What do you get when Apple’s hands meet OpenAI’s brain?
OpenAI has acquired Sky.
An on-screen AI Mac assistant that helps you get things done quicker. Sky understands what you’re doing and acts as your sidekick — fetching, filing, and fixing as you work.
That’s just the headline. But like all good stories, there’s more than meets the eye.
The journey starts with two restless engineers, Ari Weinstein and Conrad Kramer, who built automation tool Workflow in their twenties to accelerate the boring stuff, so people could do more with fewer taps; Apple saw the promise, acquired it, and turned it into Shortcuts.
The third co-founder, Kim Beverett, arrived on the scene with a complementary superpower — years inside Apple, polishing the everyday tools people were using: Safari, iMessage, and FaceTime, and figuring out how to make them more efficient.
Together, the three shared a stubborn belief. A truly transformative assistant wouldn’t live in an app; it would live outside of it, on the screen with you.
And with that, Sky was founded, an assistant that sees your screen, understands context, and takes helpful actions. Not a chat box. A calm, steady presence that writes, plans, and even codes beside you.
Users would draft an email; Sky would attach the right file.
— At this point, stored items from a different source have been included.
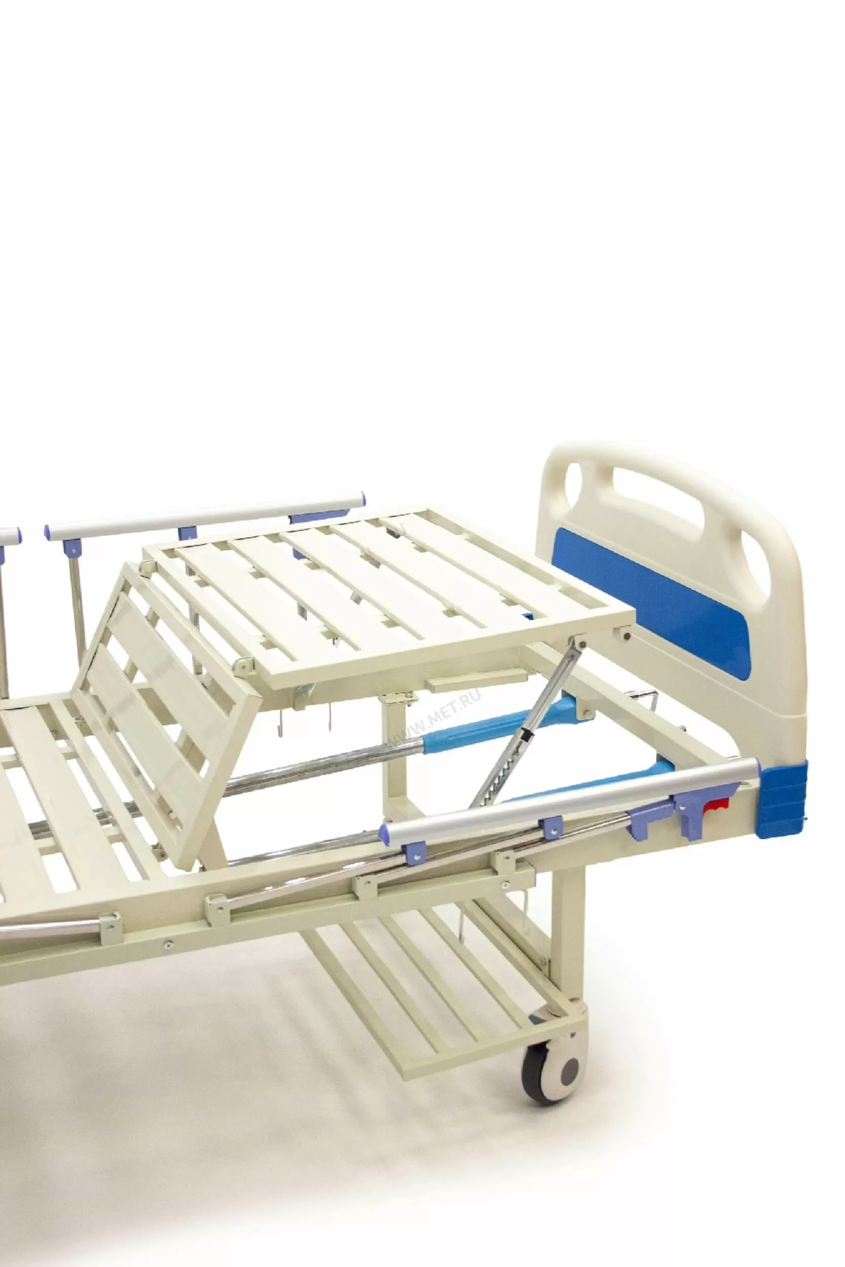 Медицинская четырехсекционная кровать с независимыми червячными регулировками изголовья и ножных секций. Кровать MET NV M20 обладает великолепным качеством исполнения, оснащена 4 складными боковыми ограждениями, обеспечивающими дополнительный комфорт и безопасность, быстросъёмными торцевыми спинками из ABS-пластика и всеми остальными конструктивными решениями, эффективно участвующими в выводе вашего стационара на новый уровень как по результативности проводимой терапии, так и по комфорту рабочих условий для персонала.
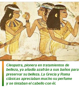 A lo largo de los siglos, han sido muchas las referencias del uso del azafrán más allá de la gastronomía, especialmente por su coloración y su aroma. La pionera en tratamientos de belleza, Cleopatra, ya lo añadía a sus baños para preservar su belleza, y la Grecia y Roma clásicas apreciaban mucho su perfume y se tintaban el cabello con él.
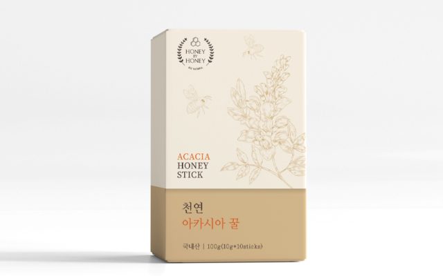 벌과 아카시아 꽃 일러스트가 포인트로 들어간 꿀 패키지이다. 묘사가 잘 된 일러스트와 컬러 선정으로 고급스럽고 깔끔하게 제작됐다.
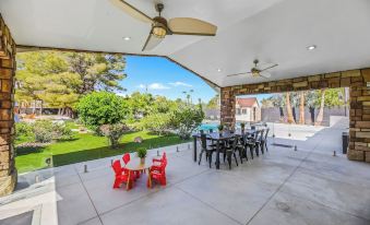 Step into Vegas VIP Luxury Villa, an expansive 6-bedroom, 3-bathroom home nestled on a 1-acre lot—the perfect haven for large groups, families, or friends seeking an unforgettable Las Vegas experience. This private and tranquil escape boasts state-of-the-art entertainment, high-end furnishings, and a sprawling backyard oasis designed for relaxation and fun.
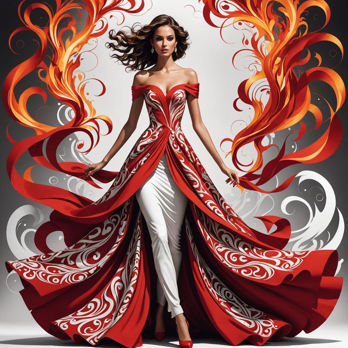 This image shows a fashion model in a flowing red dress. The fabric billows around her, creating a dramatic effect against the stark white background, reminiscent of a high-fashion editorial.
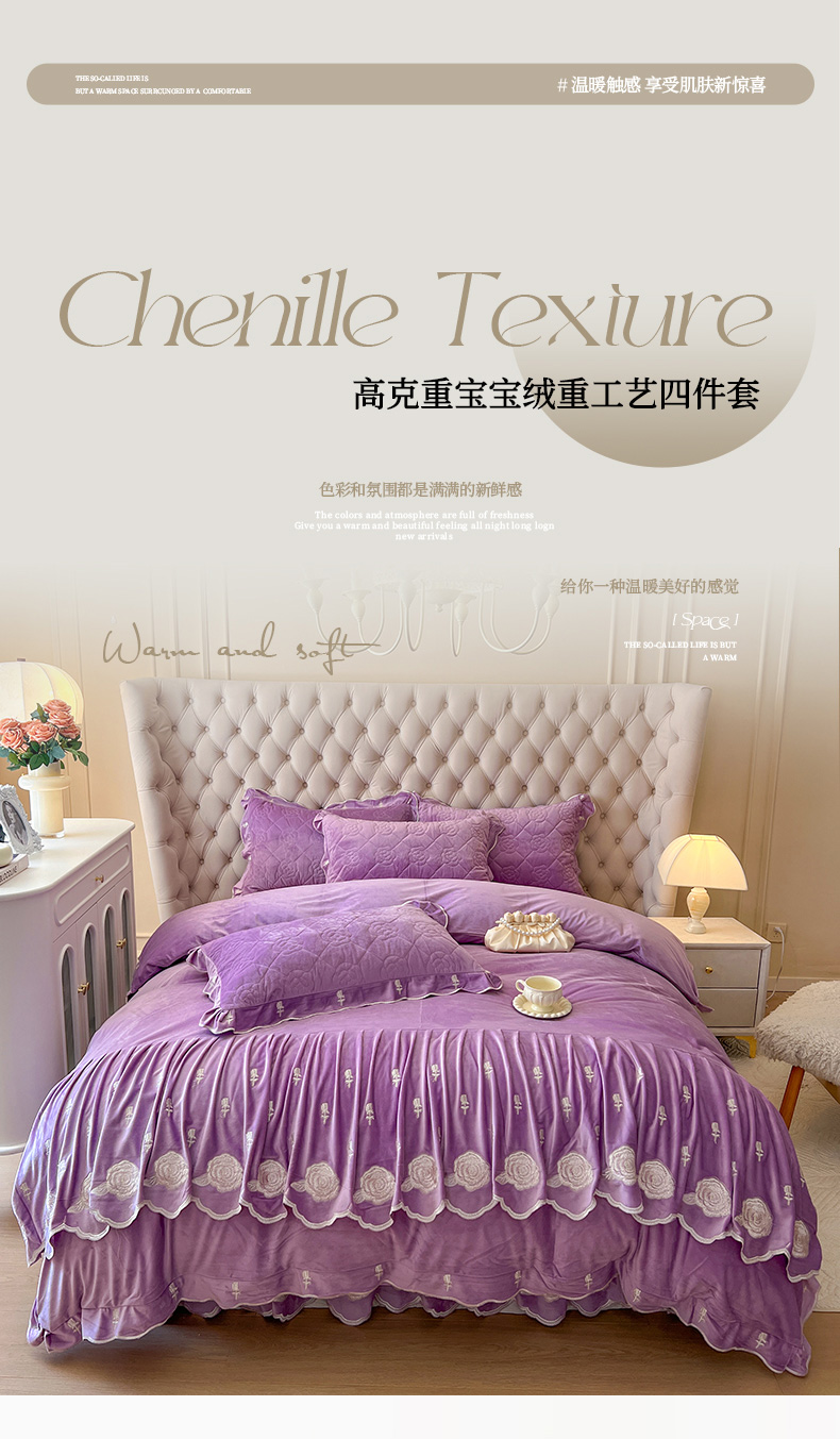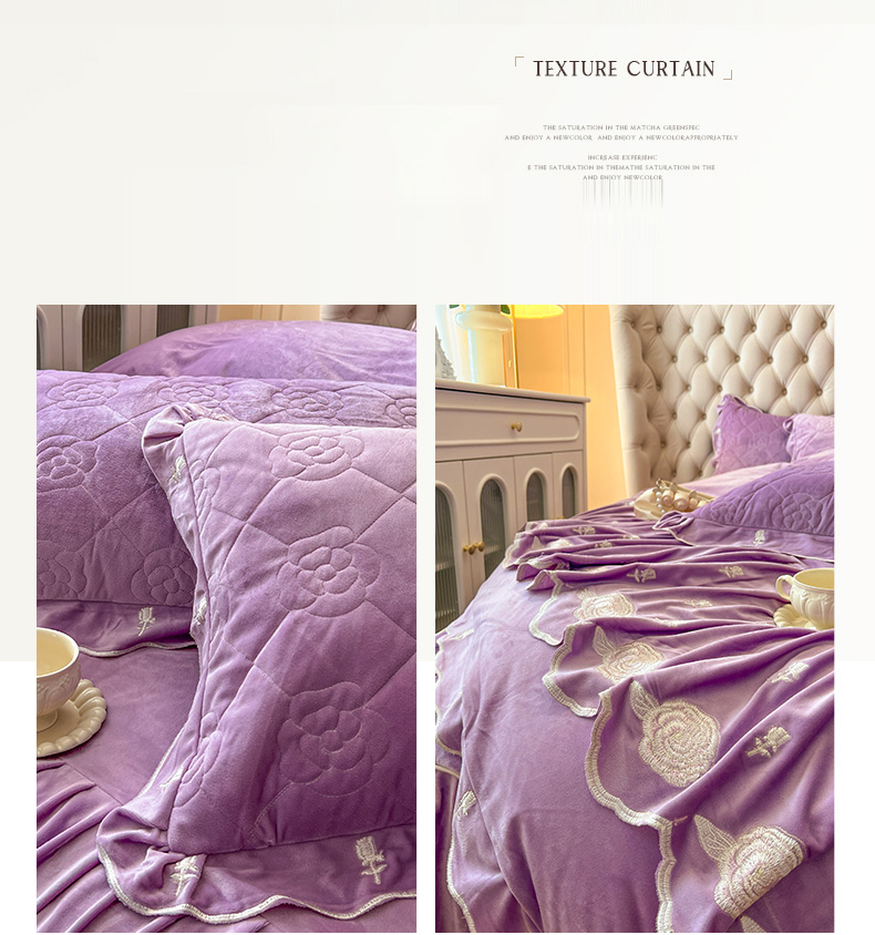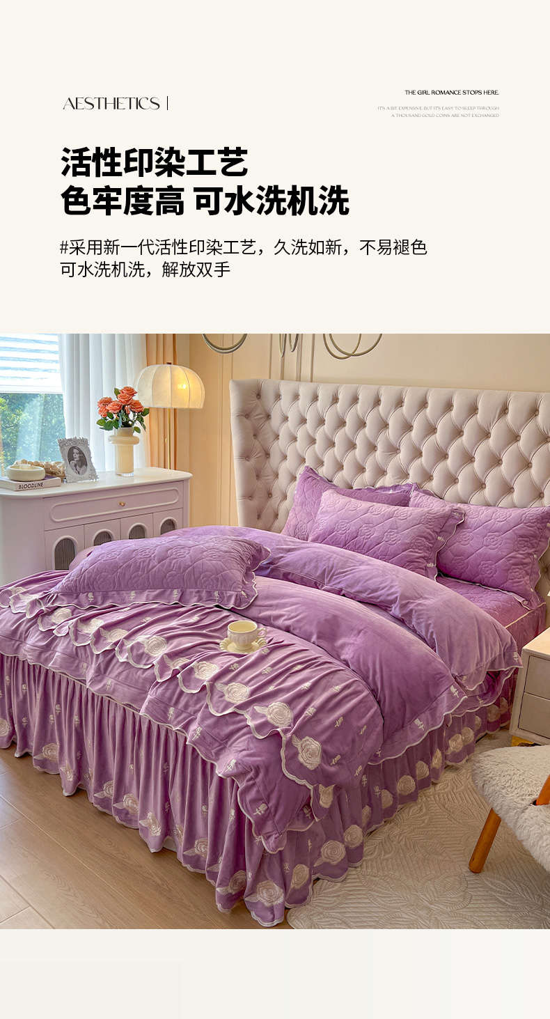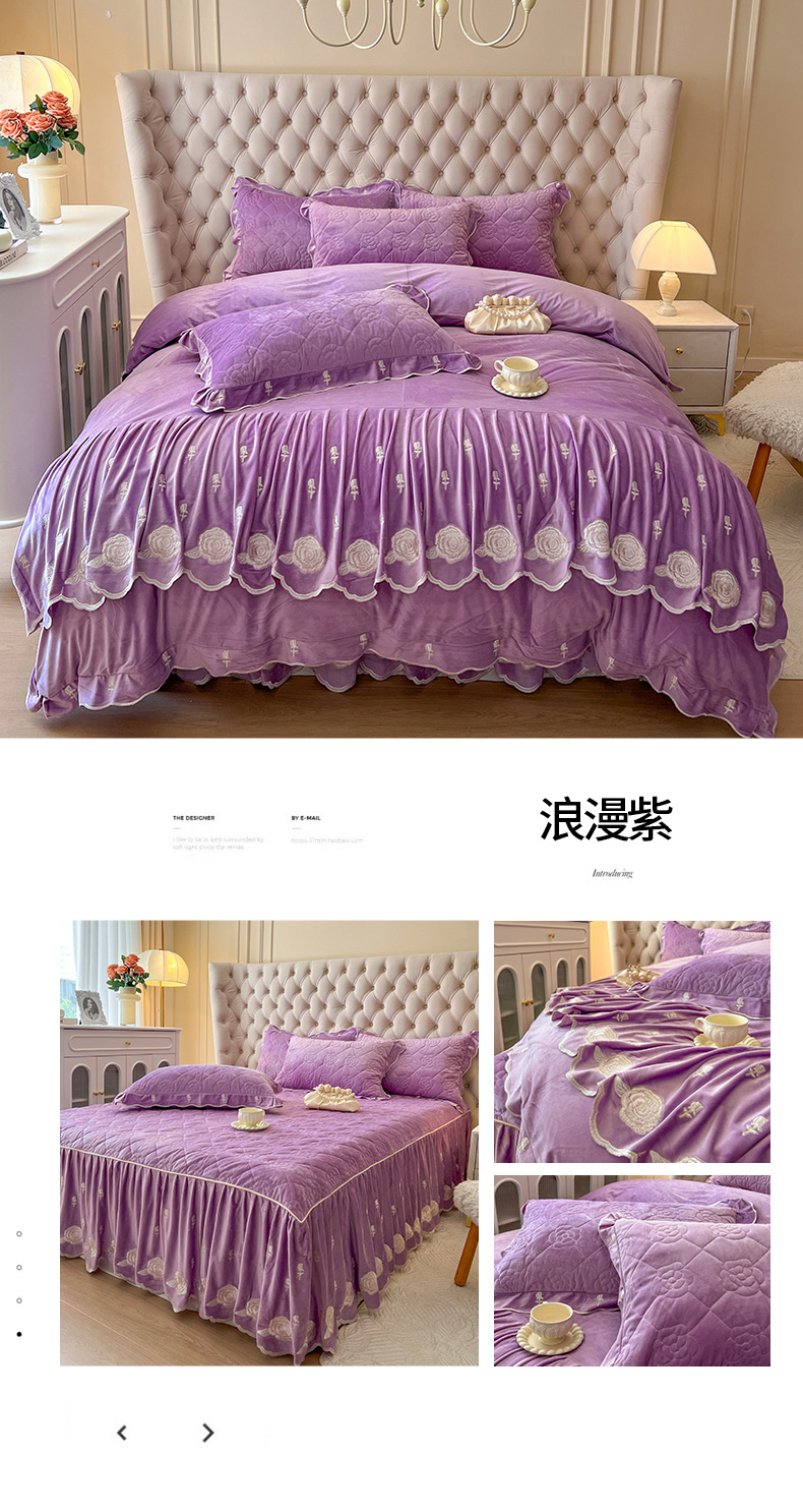 当前位置: 91家纺网 > 商品网购 > 床品套件 > 四件套 > 宝宝绒四件套 > 麒豆豆 2024新款宝宝绒床裙四件套-晨曦玫瑰 晨曦玫瑰-浪漫紫
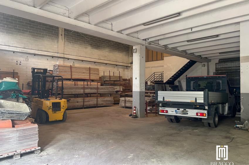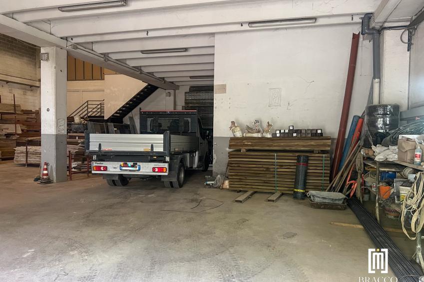 Lato sinistro: locale ad uso artigianale dotato di un piccolo locale ufficio, con disimpegno e un bagno, ulteriore piccolo locale con accesso pedonale dall’esterno e soppalco al piano primo di mq 150 circa, ideale come area operativa o laboratorio;
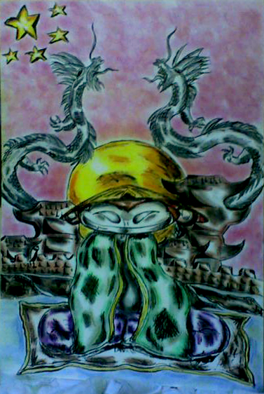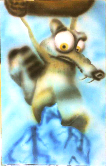 El Scrat está hecho con aerografía y la de China está hecho con técnica mixta espero comentarios. Gracias.
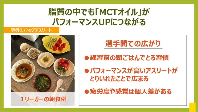 朝食というと「砂糖入りのコーヒー」「おにぎり」「パン」のように、“とりあえず糖質”を摂る方が多いのではないでしょうか。「脳のエネルギー=糖質」と捉えがちですが、実は脂質も重要な脳のエネルギー源です。中でもMCTオイルはほかの脂質と異なり、素早くエネルギーになるケトン体を作り出す特長があることから、アスリートの食事指導に取り入れています。また、朝に摂ることで、作り出したエネルギーを日中に効率よく使うことができるため、仕事で集中力や判断力が必要となるビジネスパーソンにもぜひおすすめしたいです。
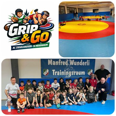 In der Steinbachhalle Ziegelhausen tauchten die jungen Rugbyspieler in die Welt des Ringens ein. Unter Anleitung der erfahrenen Ringertrainer des AC Ziegelhausen lernten sie spielerisch, wie man
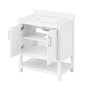 – Assembly: Cabinet and Vanity Top arrive fully assembled and are easy to install. Cabinet arrives with back cutout panel easy plumbing.
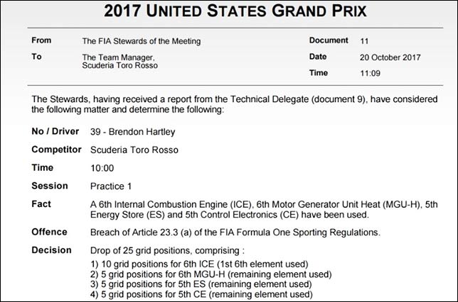 Брендон Хартли наказан штрафом с потерей 25 позиций, Нико Хюлкенберг – двадцати, Стоффель Вандорн – пяти.

Schedule a meeting? Sky would propose times, book a room, add a Zoom link, and send an agenda pulled from the email thread.
Want to plan a trip? Sky would gather the dates, bookings, and costs without switching windows.
Sky stayed quiet, tested with a handful of users, and then came the call… OpenAI wanted the idea, the taste, and the team.
If Sky’s automation meets OpenAI’s models, you’re looking at a true copilot. You set direction; it does the work.